Ich ließ ich ganz in die Gewissheit tragen,
Vertrauen sei für andere gemacht.
So ließ ich meine Seele hinter Schlieren
aus Tränen nur verschwinden in die Nacht.
Traumwandeln X
Ich stand entblößt am Pranger vor den Blicken
all jener, deren Achtung wichtig war,
ganz hilflos und entmächtigt offenbar,
und eine Stimme schien sich anzuschicken,
die Schale allen Zornes zu entleeren
auf mich, der ich zutiefst verachtet stand,
entrechtet von den Mienen, die ich fand,
als wollten sie mit Kälte mich verheeren.
Die Stimme keifte, wurde nimmer müde,
mich hinzustellen als den letzten Dreck,
so selbstgerecht und selbstgefällig prüde,
als hätte sie ein Recht, mich so zu richten
mit ihren Mitteln und zu ihrem Zweck,
und dürfte mich vor allen so vernichten.
Traumwandeln XI
Ein Freund, auf den ich meine Stärke baute,
da meiner Seele so vertraut verwandt
und mir seit Kindertagen wohlbekannt,
verriet mich, als ich mich ihm anvertraute.
Er lieferte mich aus mit einem Lachen,
das mir erklärte, was ich für ihn war.
Bis dahin war die Welt mir wunderbar,
doch konnte er sie mir zur Hölle machen.
Ich hasste glühend heiß, doch so vergeblich -
er lebte einfach weiter, ungehindert!
So sanft zu sein, ist unter Sanften löblich,
doch würgte mich die Wut in meinem Herzen,
und würde mich für alle Tage mindern,
die mir noch blieben unter Seelenschmerzen.
Traumwandeln XII
Der Träume elf entstellten meine Nächte,
versehrten mich mit ihrer Zungen Feuer.
Sie wuchsen in mir an wie Ungeheuer,
und nichts, was meiner Seele Frieden brächte.

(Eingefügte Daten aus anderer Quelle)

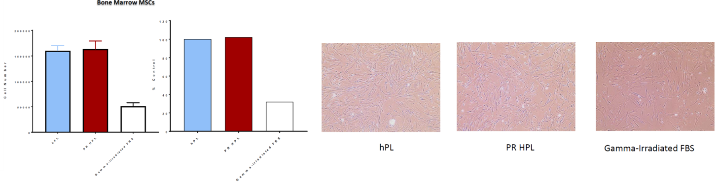 接着实验人员以骨髓来源的间充质干细胞(BM-MSCs)培养实验为例来验证PR工艺hPL的产品性能。

War ich der Sünder und der Selbstgerechte,
der dies verdiente, an der Welt gescheitert?
Was hatte jenes Eiterloch erweitert,
das Träume in mich spie wie alles Schlechte?
Die Zeit verging, ließ endlich Gnade walten,
und alle Bilder, die mich so verletzen,
begannen zu verblassen, zu erkalten,
und ich verging zugleich mit ihr im Wachen
der Tage, die mein krummes Sein zersetzen,
bis keine Träume mich mehr traurig machen.